In July 2014, OUE Ltd. (OUE), the new owners of the skyscraper, announced construction of an observation deck named OUE Skyspace. on the 69th and 70th floors and a restaurant named 71Above on the 71st floor. The facilities opened on June 24, 2016, following remodeling and construction costing $31 million that included a makeover of the ground floor lobby as well as a separate second floor entrance for tourists, and a skylobby and exhibit hall on the 54th floor. Access to the observation deck cost $25 per person. For an additional $8, visitors could take a trip down a transparent glass slide affixed to the outside of the building between the 70th and 69th floors known as the Skyslide.

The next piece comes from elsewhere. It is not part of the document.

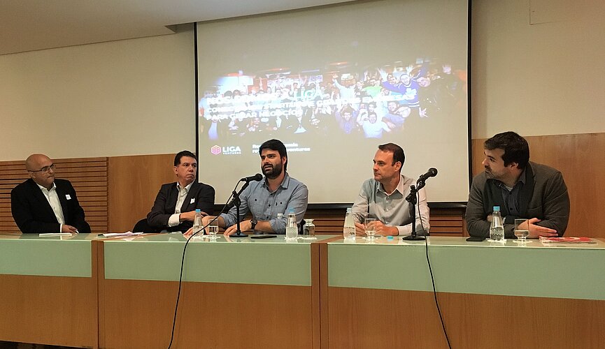 "No dia 21/03/19 foi realizado o Workshop com o tema “Como atuam as aceleradoras corporativas para potencializar inovações em grandes empresas em parceria com startups”, que trouxe a experiência com o desenvolvimento de negócios entre startups e grandes empresas, mostrando as questões cruciais envolvidas nesse relacionamento. Foi apresentado por Arthur Garutti, sócio cofundador ACE, um dos maiores hubs de investimentos em startups e inovação da América Latina e por Rogério Tamassia, sócio e cofundador da Liga Ventures, aceleradora corporativa que ajuda grandes empresas a criarem programas de inovação aberta junto à startups. O evento foi coordenado pelo aluno José Rochetti e pelo Prof, Dr. Alexandre Nabil Ghobril."

OUE Skyspace closed temporarily due to the COVID-19 pandemic in March 2020. On October 26, 2020, it was announced that the closure was permanent. In May 2021, it was announced that a renovation by the new owner of the tower would result in the conversion of the observation deck attraction back to office space and the removal of the slide, due to complaints from office tenants.

===Silverstein Properties===
With the building 78% leased, New York developer Silverstein Properties announced plans in 2021 to make changes to the building to attract tenants. The tourist attraction will be converted to office space or communal areas. The 71Above restaurant will remain open while the 54th floor, where people going higher must change elevators, will be turned into a co-working lounge with workstations, food and beverage options, and a catering kitchen for events.

==Major tenants==
===Consultancy===
- Cornerstone Research
- Mercer
- McKinsey & Company

===Economic development===
- Los Angeles County Economic Development Corporation

===Engineering===
- Walter P Moore

===Finance===
- Bank Mizrahi-Tefahot
- Lincoln International
- U.S. Bancorp

===Law===
- Akerman LLP
- Akin Gump Strauss Hauer & Feld
- Dechert
- Gordon Rees Scully Mansukhani
- Hinshaw & Culbertson LLP
- Jenner & Block
- King & Spalding
- Lewis Brisbois Bisgaard & Smith
- Littler Mendelson
- Morgan & Morgan
- Perkins Coie
- Steptoe

===Media===
- Pizzaply Media
- Thomson Reuters

==Tallest rooftop helipad==
The US Bank Tower was the world's tallest building with a rooftop helipad until the China World Trade Center Tower III in Beijing, which was completed in 2010 and whose rooftop helipad is 1,083 feet (330 m) high.

As of March 2018, the world's tallest building with a rooftop helipad was the Guangzhou International Finance Center, which also was completed in 2010 and whose rooftop helipad is 1,439 feet (439 m) high.

==In popular culture==

In 1994, the building was featured on Visiting... with Huell Howser.

The building is featured in several disaster films, such as Independence Day, The Day After Tomorrow, D-War, 2012 and San Andreas.

The building is also featured in the popular video game franchise Grand Theft Auto, appearing as the fictional "Maze Bank Tower" in multiple games set in a fictional version of Los Angeles, called Los Santos. Its most notable appearances are in Grand Theft Auto V as well as Grand Theft Auto: San Andreas.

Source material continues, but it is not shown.